> [ACTIVITY]: Your task is to copy the records that follow exactly, minus any images.

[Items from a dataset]

--- START ---

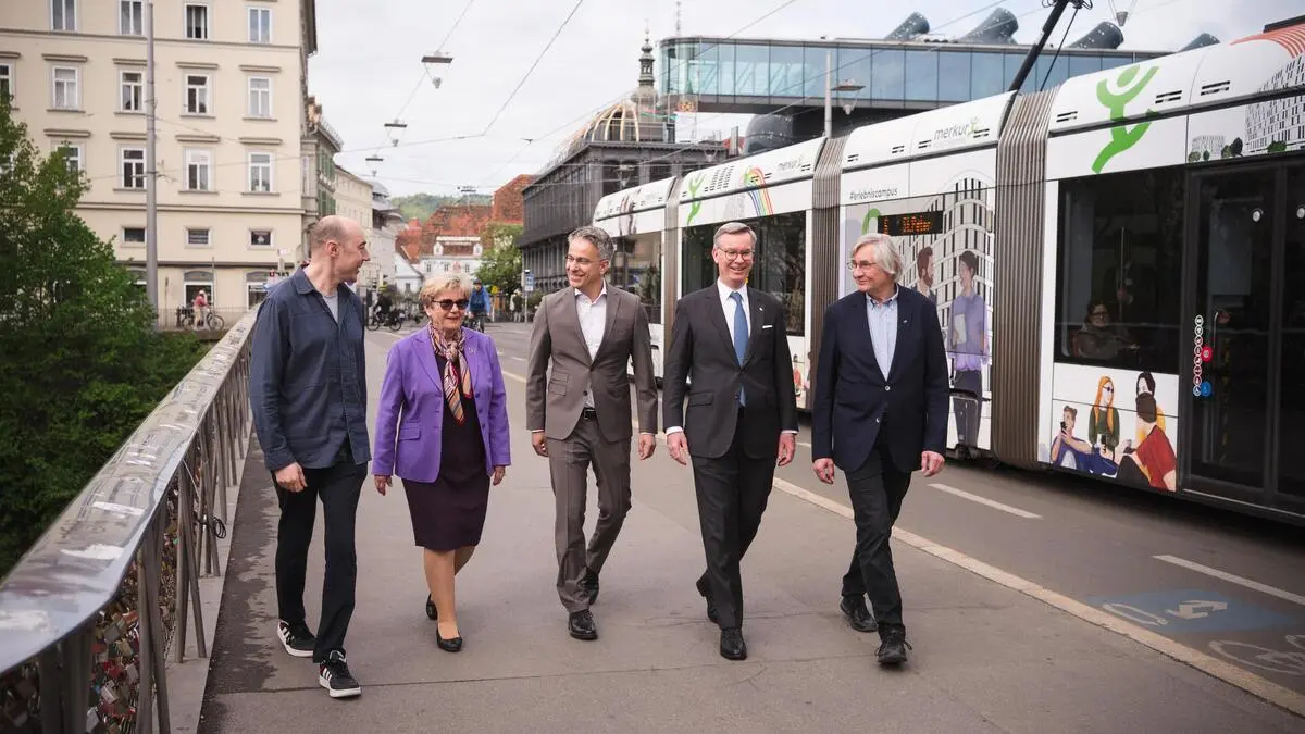 Künstler Tom Lohner, Landeshauptmann a.D. Waltraud Klasnic, Kurt Hohensinner, Innenstadt-Unternehmer Klaus Weikhard und der ehemalige Med-Uni-Rektor und Nationalrat Josef Smolle
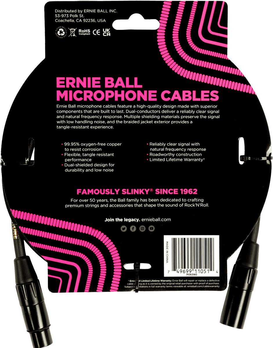 ERNIE BALL 6390 XLR mâle/XLR fem 1,5m noir
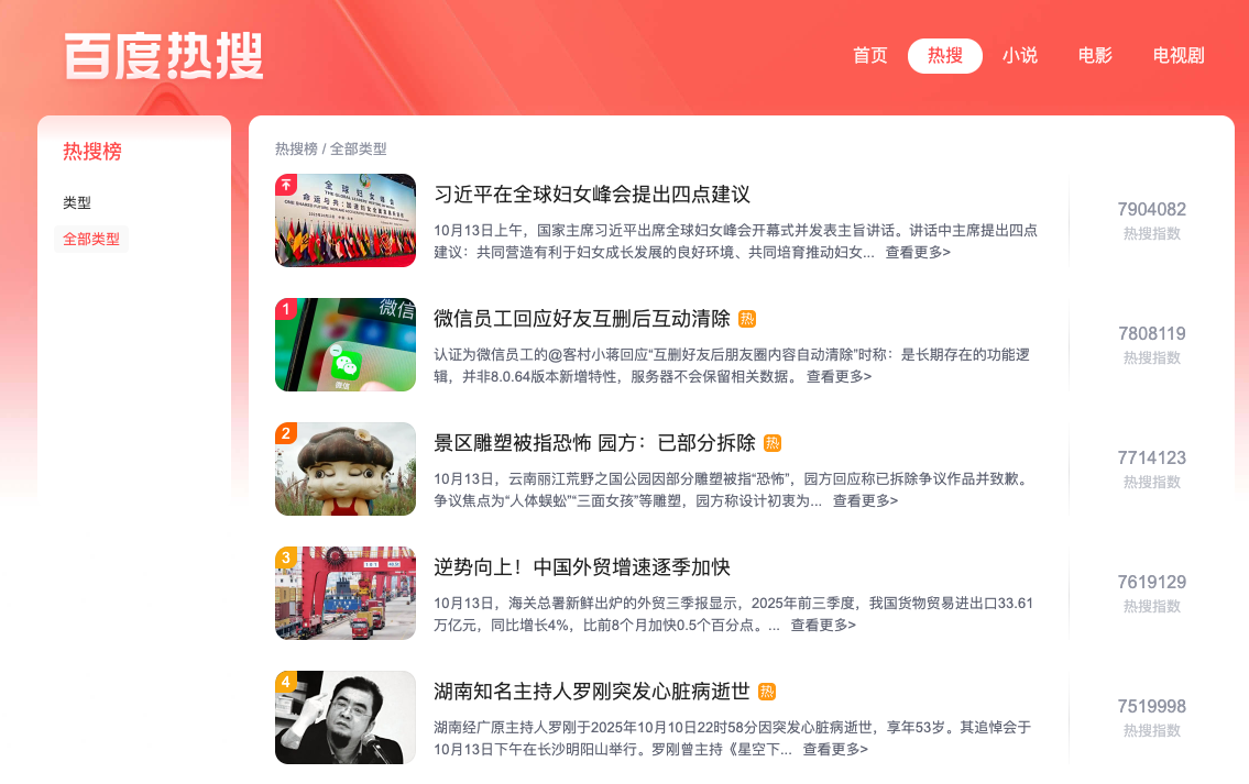 I don't need to tell you that news services and user habits are different from ours. You can identify the most trending topics on the Baidu Trends page:
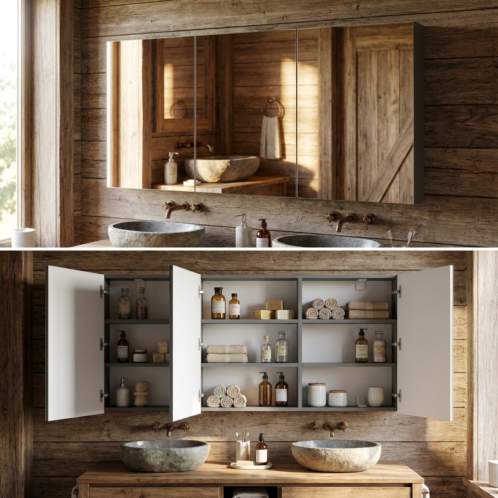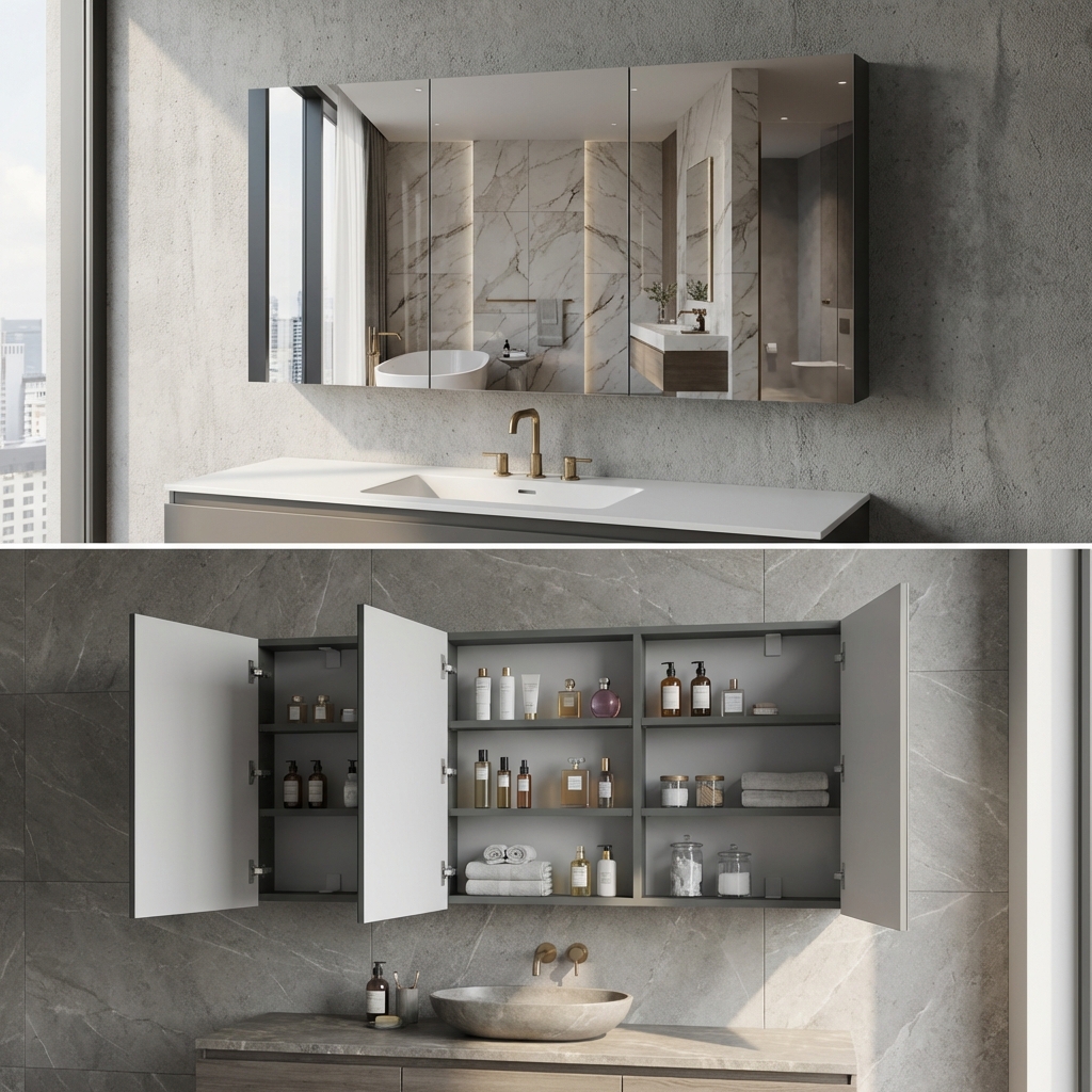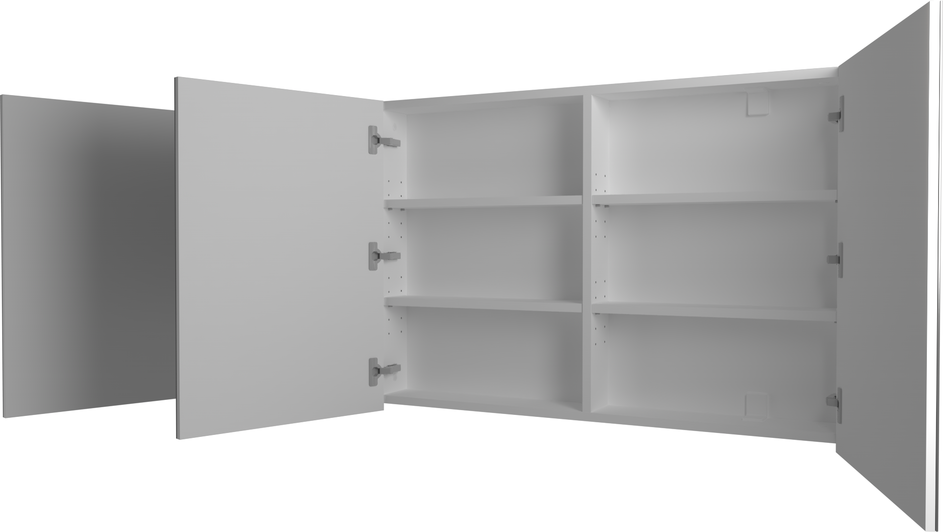 Táto troj-dverová zrkadlová skrinka je skvelým riešením pre uskladnenie toaletných potrieb a ďalších nevyhnutností. Vďaka dverám s výnimočným systémom Blum sa otvárajú hladko a ticho, čo zaručuje pohodlné používanie. Jej rozumné rozmery a elegantný dizajn umožňujú jednoduchú inštaláciu nad umývadlo alebo na stenu, čím optimalizujete priestor vo vašej kúpeľni. Skrinka poskytuje nielen úložný priestor, ale aj zrkadlovú plochu, ktorá opticky zväčšuje priestor a zvyšuje svetelnosť miestnosti.
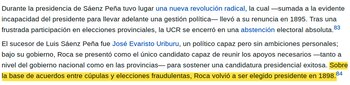 10. Sobre la reelección de Roca en 1898 se afirma que fue en “base a acuerdos entre cúpulas y elecciones fraudulentas”. Sin entrar a polemizar con esta afirmación, cabe señalar que los sistemas electorales de finales del siglo XIX en Occidente, en todos los casos eran de participación restringida o limitada, votando porcentajes muy pequeños de la población, como sucedía también en Argentina. Pero el factor que no se menciona, y que fue decisivo para que Pellegrini renunciara a su candidatura en favor de Roca, era el peligro de guerra con Chile, que parecía inminente, y Roca, por su experiencia militar, era considerado el más apto en esas circunstancias.
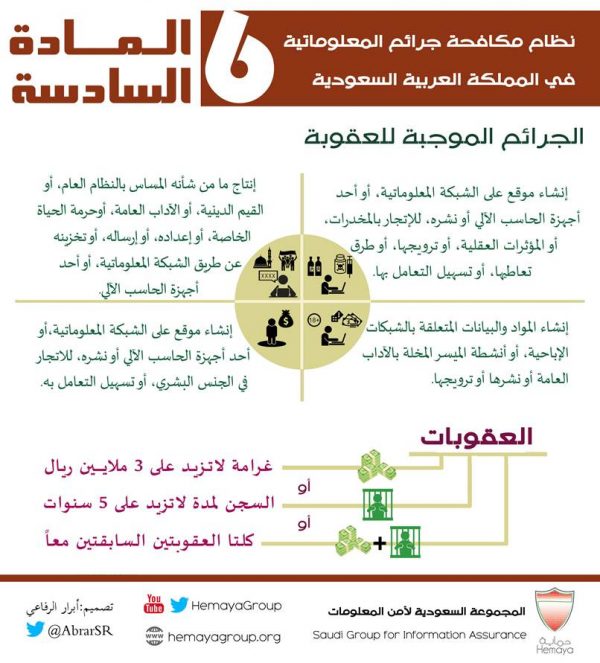 الجرائم الموجبة للعقوبة حسب نظام الجرائم المعلوماتية السعودي المادة ٦ مبادرة العطاء الرقمي
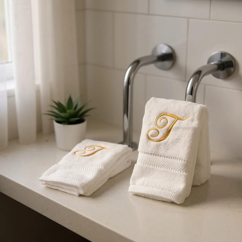 - ✔ Features: Personalized 100% terry cotton hand towels with embroidered initials (A-Z) in gold thread, using an elegant Fancy Script font. Set of 2 thick terry cotton towels (600+ GSM), measuring 16" x 30" for superior absorbency and softness.
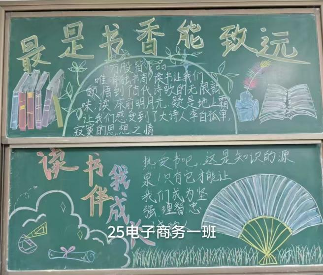 比赛过程中,各班学子充分发挥创意与巧思,围绕“名著推荐”“阅读心得”“读书故事讲述”三大核心内容展开创作。笔下文字或点评经典名著的深刻内涵,或分享个人阅读时的感悟共鸣,或讲述与书籍相伴的温暖故事;搭配协调的色彩、精致的插画,让一块块黑板报成为传递阅读力量的生动载体,营造出浓厚的班级读书氛围。
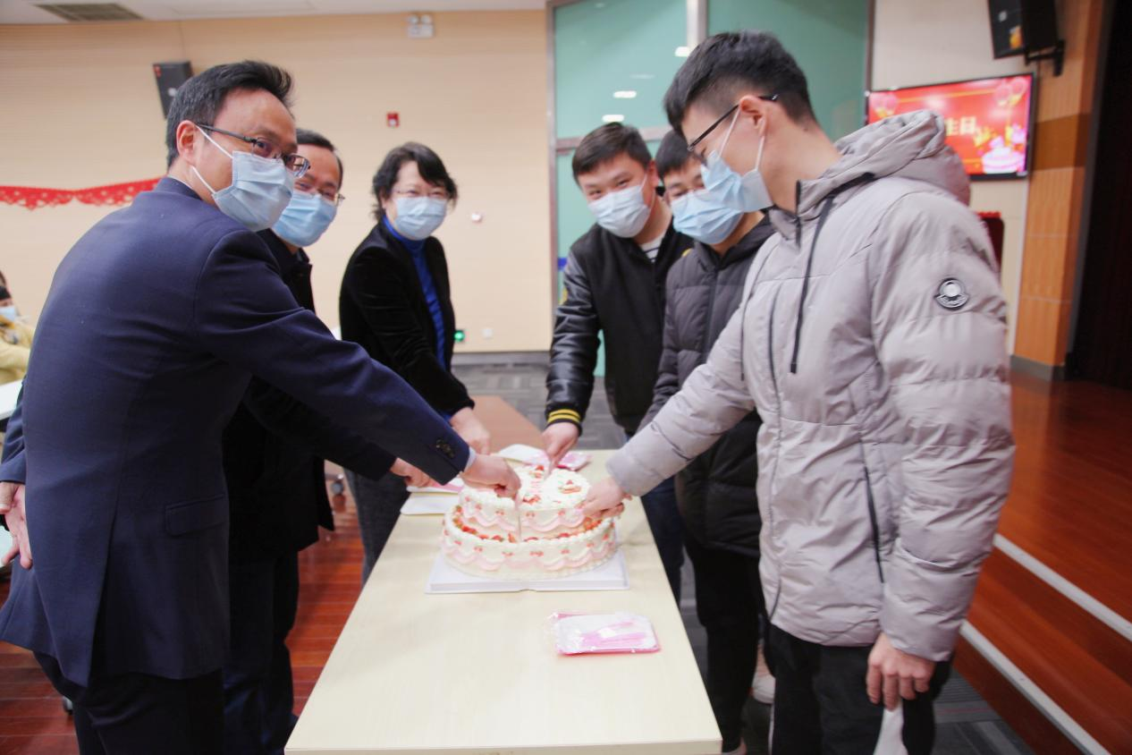 A group birthday party was held for students born January and February. The faculty and students sang the cheerful tune of Happy Birthday to You and sliced birthday cakes together.
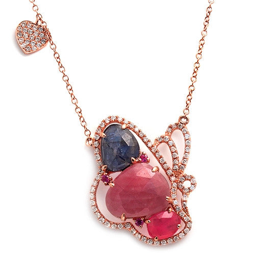 Fancy-cut Multicolor Slice Semiprecious Stones, paved with Round-cut Diamonds Butterfly Pendant Necklace, 14K Rose Gold with Lobster Claw Lock.
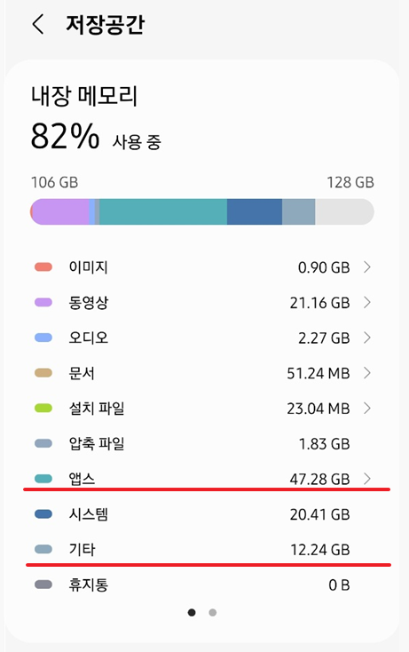 다시 저장공간을 확인합니다. 아까와 달리 앱스에 사용 중인 공간이 표시되고 기타는 용량이 줄어든 것을 확인할 수 있습니다.
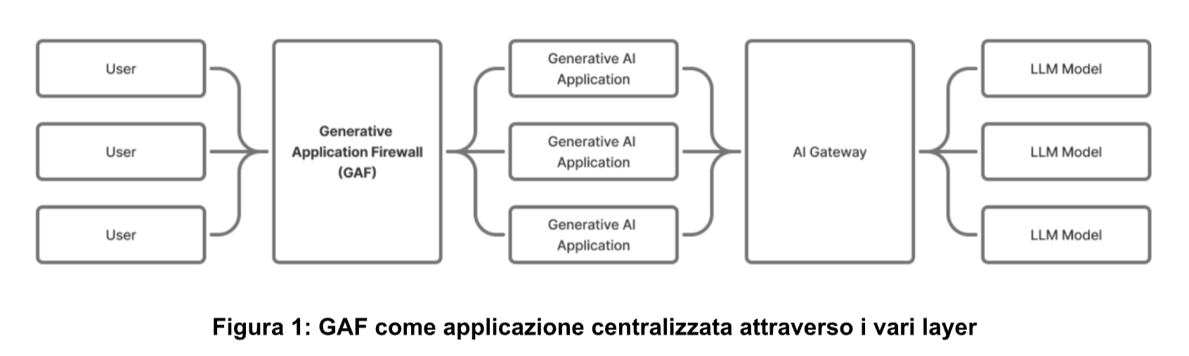 Il principio fondamentale del Generative Application Firewall (GAF) è che la protezione delle interfacce in linguaggio naturale richiede una protezione su diversi livelli interdipendenti.
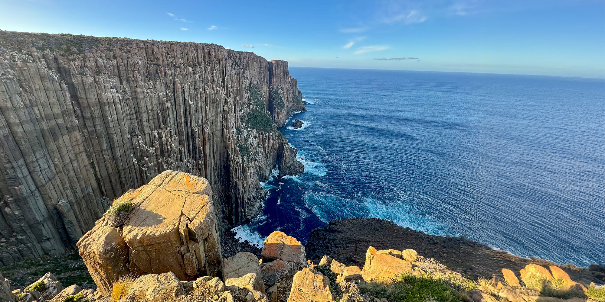 One morning, you’re sipping a latte in an industrial-chic Hobart café. An few hours later, you’re boulder hopping up the dolerite of kunanyi / Mount Wellington with the city a world away below. The next day, you’re deep in the mossy rainforest hidden on the Tasman Peninsula. Then, you’re running along the edge of the world, staring 300m down vertical sea cliffs to the Southern Ocean below Cape Raoul.
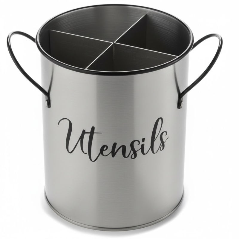 High Quality Silver Finished Metal Steel Cutlery Holder Utensil Caddy With Handle For Kitchen Storage And Organization On Sale
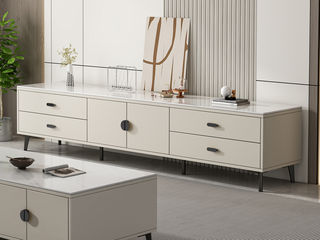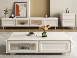 B系优选 奶油风 油漆面+密度板 脚架:茶几密度板 电视柜(未开电源孔)实木 2米电视柜(未开电源孔)

--- END ---

> [RESPONSE BOX]:
 Künstler Tom Lohner, Landeshauptmann a.D. Waltraud Klasnic, Kurt Hohensinner, Innenstadt-Unternehmer Klaus Weikhard und der ehemalige Med-Uni-Rektor und Nationalrat Josef Smolle
 ERNIE BALL 6390 XLR mâle/XLR fem 1,5m noir
 I don't need to tell you that news services and user habits are different from ours. You can identify the most trending topics on the Baidu Trends page:
 Táto troj-dverová zrkadlová skrinka je skvelým riešením pre uskladnenie toaletných potrieb a ďalších nevyhnutností. Vďaka dverám s výnimočným systémom Blum sa otvárajú hladko a ticho, čo zaručuje pohodlné používanie. Jej rozumné rozmery a elegantný dizajn umožňujú jednoduchú inštaláciu nad umývadlo alebo na stenu, čím optimalizujete priestor vo vašej kúpeľni. Skrinka poskytuje nielen úložný priestor, ale aj zrkadlovú plochu, ktorá opticky zväčšuje priestor a zvyšuje svetelnosť miestnosti.
 10. Sobre la reelección de Roca en 1898 se afirma que fue en “base a acuerdos entre cúpulas y elecciones fraudulentas”. Sin entrar a polemizar con esta afirmación, cabe señalar que los sistemas electorales de finales del siglo XIX en Occidente, en todos los casos eran de participación restringida o limitada, votando porcentajes muy pequeños de la población, como sucedía también en Argentina. Pero el factor que no se menciona, y que fue decisivo para que Pellegrini renunciara a su candidatura en favor de Roca, era el peligro de guerra con Chile, que parecía inminente, y Roca, por su experiencia militar, era considerado el más apto en esas circunstancias.
 الجرائم الموجبة للعقوبة حسب نظام الجرائم المعلوماتية السعودي المادة ٦ مبادرة العطاء الرقمي
 - ✔ Features: Personalized 100% terry cotton hand towels with embroidered initials (A-Z) in gold thread, using an elegant Fancy Script font. Set of 2 thick terry cotton towels (600+ GSM), measuring 16" x 30" for superior absorbency and softness.
 比赛过程中,各班学子充分发挥创意与巧思,围绕“名著推荐”“阅读心得”“读书故事讲述”三大核心内容展开创作。笔下文字或点评经典名著的深刻内涵,或分享个人阅读时的感悟共鸣,或讲述与书籍相伴的温暖故事;搭配协调的色彩、精致的插画,让一块块黑板报成为传递阅读力量的生动载体,营造出浓厚的班级读书氛围。
 A group birthday party was held for students born January and February. The faculty and students sang the cheerful tune of Happy Birthday to You and sliced birthday cakes together.
 Fancy-cut Multicolor Slice Semiprecious Stones, paved with Round-cut Diamonds Butterfly Pendant Necklace, 14K Rose Gold with Lobster Claw Lock.
 다시 저장공간을 확인합니다. 아까와 달리 앱스에 사용 중인 공간이 표시되고 기타는 용량이 줄어든 것을 확인할 수 있습니다.
 Il principio fondamentale del Generative Application Firewall (GAF) è che la protezione delle interfacce in linguaggio naturale richiede una protezione su diversi livelli interdipendenti.
 One morning, you’re sipping a latte in an industrial-chic Hobart café. An few hours later, you’re boulder hopping up the dolerite of kunanyi / Mount Wellington with the city a world away below. The next day, you’re deep in the mossy rainforest hidden on the Tasman Peninsula. Then, you’re running along the edge of the world, staring 300m down vertical sea cliffs to the Southern Ocean below Cape Raoul.
 High Quality Silver Finished Metal Steel Cutlery Holder Utensil Caddy With Handle For Kitchen Storage And Organization On Sale
 B系优选 奶油风 油漆面+密度板 脚架:茶几密度板 电视柜(未开电源孔)实木 2米电视柜(未开电源孔)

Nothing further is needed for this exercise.